It is clear that most of the analytes are separated in the first dimension, requiring additional selectivity in a few cases, one of which is highlighted on the chromatogram and shown in the inset. The moderately polar second-dimension column provided some of the needed separation power but not all. There remain a few significant coelutions, shown by the inset, a portion of the overall chromatogram showing the separation of several compounds. This second-dimension separation is, however, highly efficient, with overall peak widths about 100 ms.
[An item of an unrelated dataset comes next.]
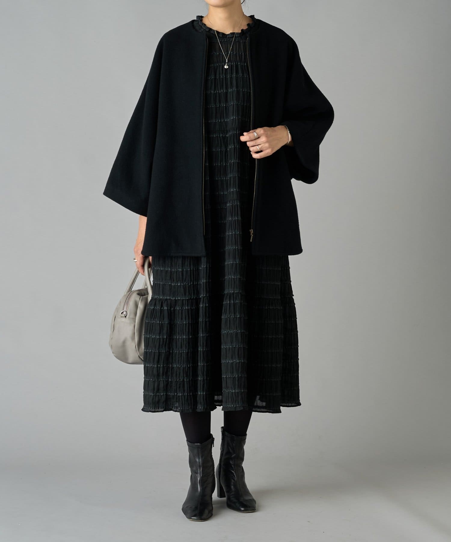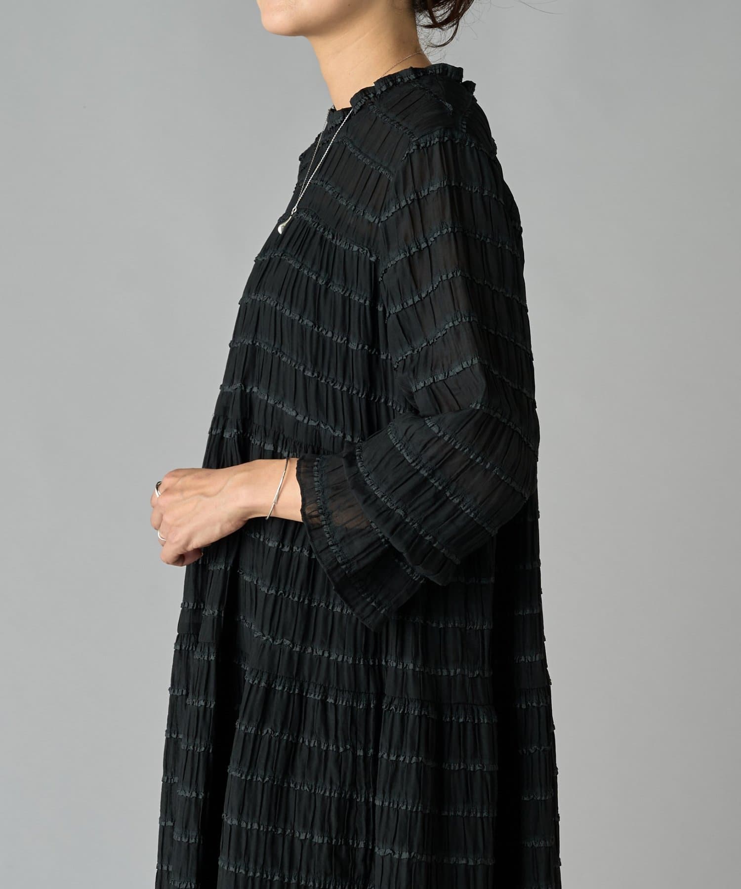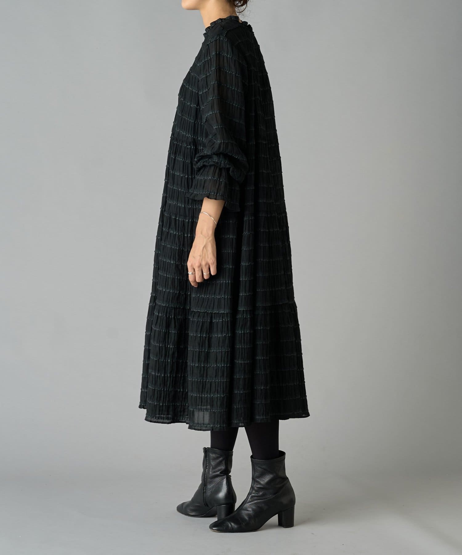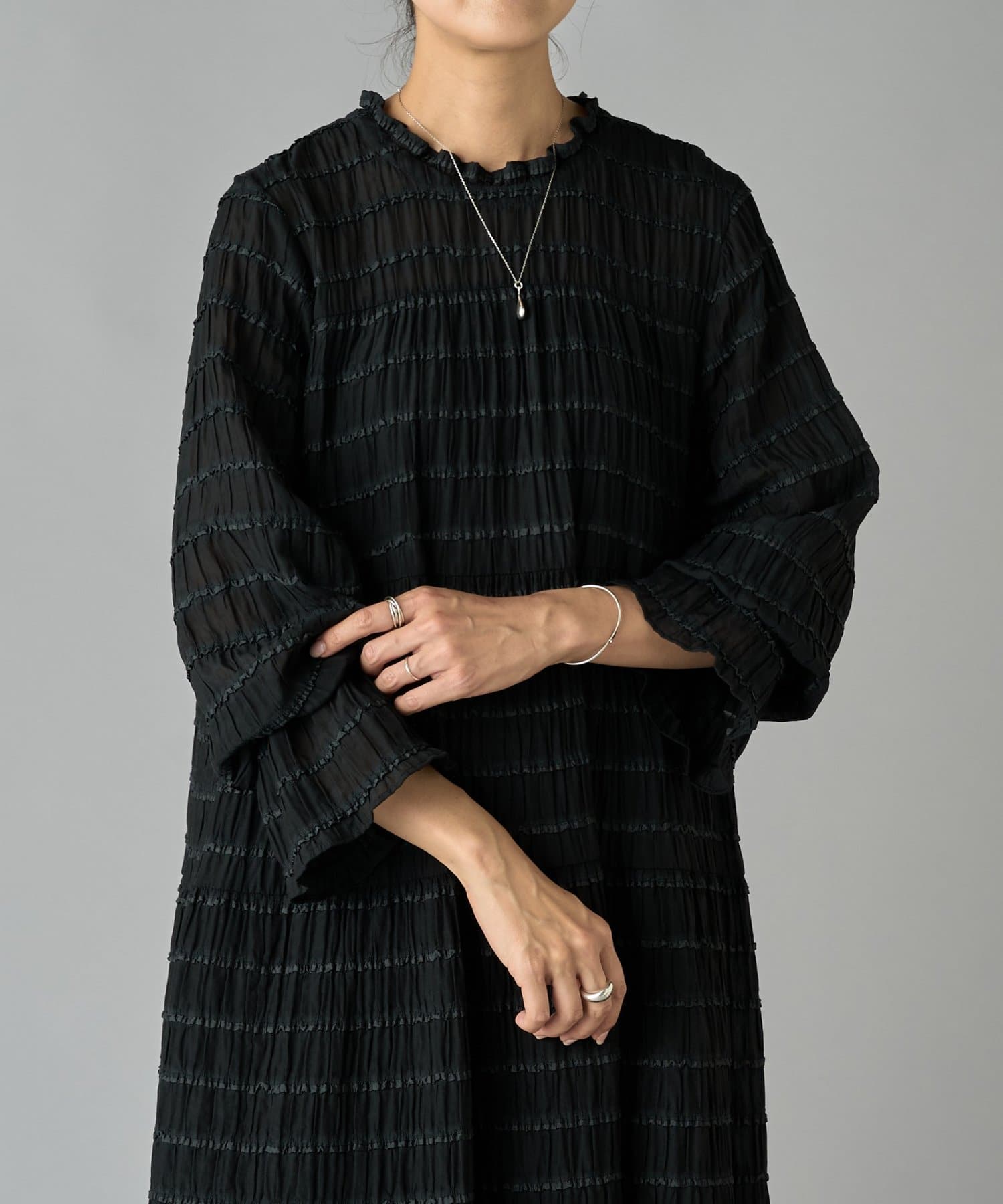 等間隔に異素材を縫い込んだ立体感のある生地で、1枚で華やかな印象に仕上がります。

To obtain the additional selectivity needed to more fully separate all of the analytes, the second-dimension column was changed to a polyethylene glycol–based stationary phase, Rtx-WAX. This provided significantly different chemistry between the two dimensions, giving a more truly orthogonal separation. A chromatogram showing the especially important Class 2 solvents, again dissolved at 1000 ppm in methanol, is shown in Figure 4. Note the dramatic difference in the peak locations in the second dimension. The polyethylene glycol–based second-dimension stationary phase is much more strongly retaining the more polar analytes and weakly retaining the less polar and nonpolar analytes.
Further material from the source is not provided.